ONU e Stati Uniti, soltanto spettatori
Sebbene l'inviato speciale dell'ONU per la Siria, Staffan De Mistura, abbia elogiato l'istituzione delle 'de-escalation zones' ed abbia inoltre sottolineato che anche gli Stati Uniti avranno un ruolo attivo su tutta la questione, ciò che è stato espresso ad Astana sembra parzialmente smentirlo.
Siamo praticamente alla vigilia dei nuovi colloqui di pace sulla Siria che si terranno a Ginevra dal 16 al 19 maggio, di fatto non aggiungeranno nulla in più rispetto a ciò che è stato sancito in Kazakistan. L'ONU, al momento, sembra tagliata fuori da qualunque vero ruolo perché in tutto questo tempo non è riuscita a porsi come interlocutore credibile per una soluzione alla crisi siriana. In fin dei conti, De Mistura era presente ad Astana esclusivamente in qualità di osservatore ed il Palazzo di Vetro sembra destinato a 'convalidare' una soluzione decisa dall'asse Mosca-Ankara-Teheran. A conferma di ciò, le dichiarazioni di Walid al-Moallem, ministro degli esteri siriano. "Nessuna forza internazionale sotto il comando ONU è prevista nelle 'de-escalation zones', le Nazioni Unite e le potenze internazionali non avranno alcun ruolo in queste aree".

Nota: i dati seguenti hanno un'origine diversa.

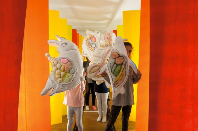 Au CAPC, l’artiste projette le visiteur dans l’univers dur et froid d’une ferme agricole où sont cultivées, à l’échelle industrielle, des créatures hybrides pour le moins étranges. Mi-humaines, mi-végétales, les sculptures qui peuplent la Nef du musée – régimes de bananes dont sortent des bras ou des jambes, pendu-cacaoyer, Monstera deliciosa ou autre plante luxuriante menaçante, yucca-androgyne, gnome-cabosse – fascinent autant qu’elles étonnent. Réalisées en polystyrène puis recouvertes de résine, elles affirment leur artificialité et interrogent les valeurs sur lesquelles a été fondée la culture « éclairée » en exposant les abus commis dans l’ombre de Linné.

Stesso ruolo marginale è stato riservato agli Stati Uniti: nel suo desidero nemmeno tanto nascosto di colmare le evidenti lacune di Barack Obama sulla questione siriana, Donald Trump si è reso protagonista di un gesto sconsiderato. L'attacco missilistico contro la base siriana di al-Shayrat, apparentemente giustificato dal presunto attacco chimico dell'esercito siriano a Khan Sheiukun le cui responsabilità non sono ancora state provate, ha troncato le premesse di un vero dialogo con la Russia. Qualunque credibilità, già minata dall'immobilismo apparente di Obama che in realtà supportava attivamente i ribelli anti-Assad, è stata definitivamente frantumata.
Rafforzata la posizione di Assad
Vincitore morale del quarto round dei colloqui di Astana è, per il momento, il presidente siriano Bashar al-Assad.

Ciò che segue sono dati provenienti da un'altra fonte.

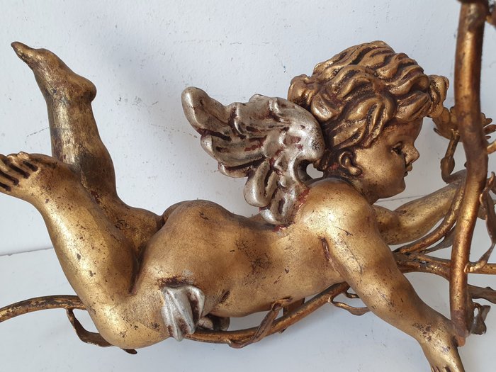 Engel in houtsnijwerk en goud geverfd - Kandelaar met haak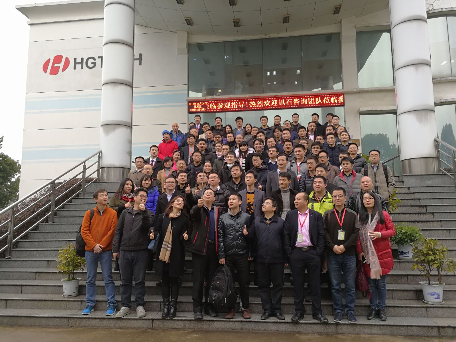 石總致辭結(jié)束 華工正源與訊石參觀團(tuán)門前合影留戀

Il suo governo conserva un ruolo di primo piano anche nelle zone di sicurezza, in particolare quelle di Homs e Damasco. Nessuno dei tre 'tessitori' di Astana mette in dubbio la legittimità della sua amministrazione, nemmeno la Turchia il cui interesse principale è quello di mantenere un ruolo cardine su tutta la questione e scongiurare la presunta minaccia curda al proprio confine con la Siria. L'Iran, da parte sua, conserva la propria immagine di 'garante della tregua' in barba alle proteste statunitensi e la Russia di Putin si appresta a rafforzare il ruolo di potenza egemone in Medio Oriente, perché la presenza militare in Siria gli garantisce oltretutto uno sbocco nel Mediterraneo con il conseguente incremento dell'influenza politico-militare.